About this task: Print the lines from the one containing "完全可移動的床頭板內飾可以用" through the end of the material below, both included, exactly as they appear and without pictures.

Material provided:
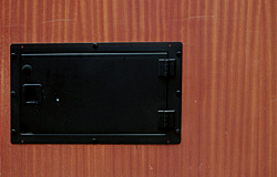 Wenn Sie mit dem Cursor die schwarze Klappe der Dockingstation berühren öffnet sich der Sesam und man sieht sein elektronisches Innenleben. Zum Anschluß der gesamten Steuereinheit, die Sie rechts im Bild sehen und welche Sie mit dem Cursor und Linksklick gehalten, drehen können, benötigt man lediglich ein einziges (ganz schön dickes, aber nur mit einem großen Stecker versehenes) Steuerkabel und ein Stromkabel.
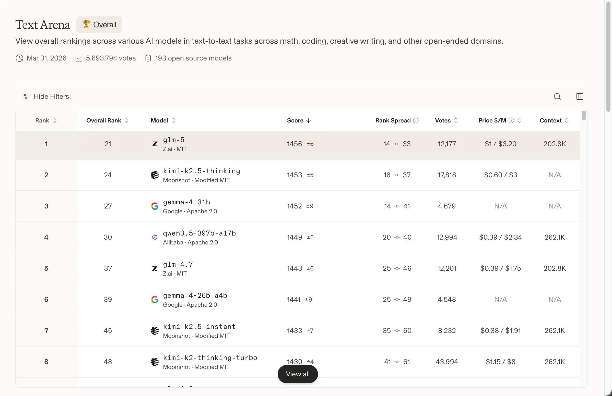 The 31B Dense currently ranks third among all open models on Arena AI's text leaderboard. The 26B MoE sits sixth. Google claims both outcompete models 20 times their size—a claim that holds up, at least against the Arena AI numbers, where Chinese models still hold the top two spots.
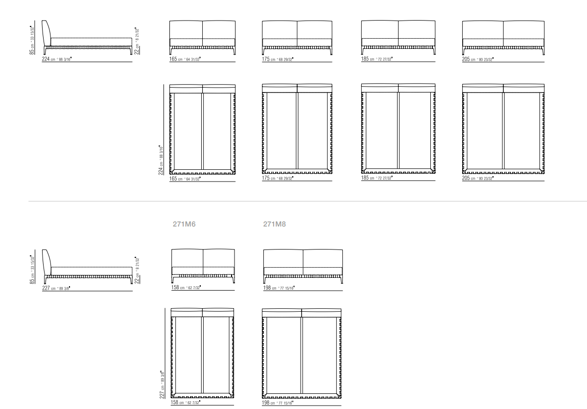 完全可移動的床頭板內飾可以用織物或皮革定制,并以優雅的色調或對比色羅緞線條突出。
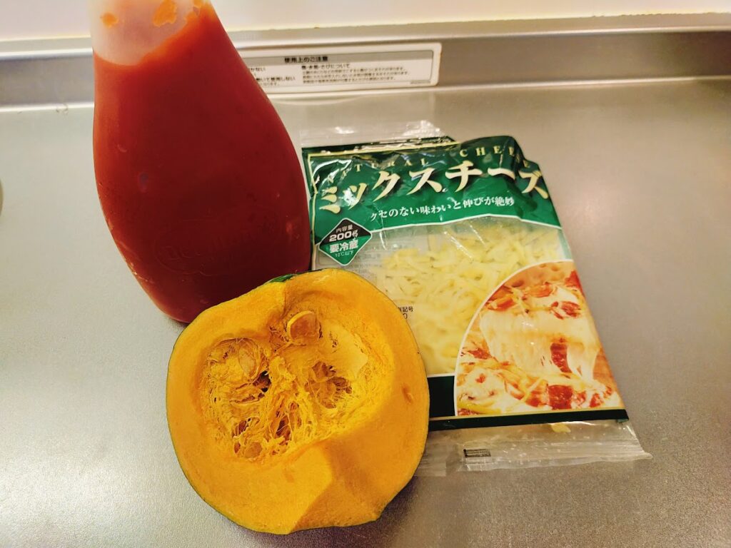 - かぼちゃは種を取って洗って、ラップに包んで600wで2分チンします。

Response for this exercise:
 完全可移動的床頭板內飾可以用織物或皮革定制,并以優雅的色調或對比色羅緞線條突出。
 - かぼちゃは種を取って洗って、ラップに包んで600wで2分チンします。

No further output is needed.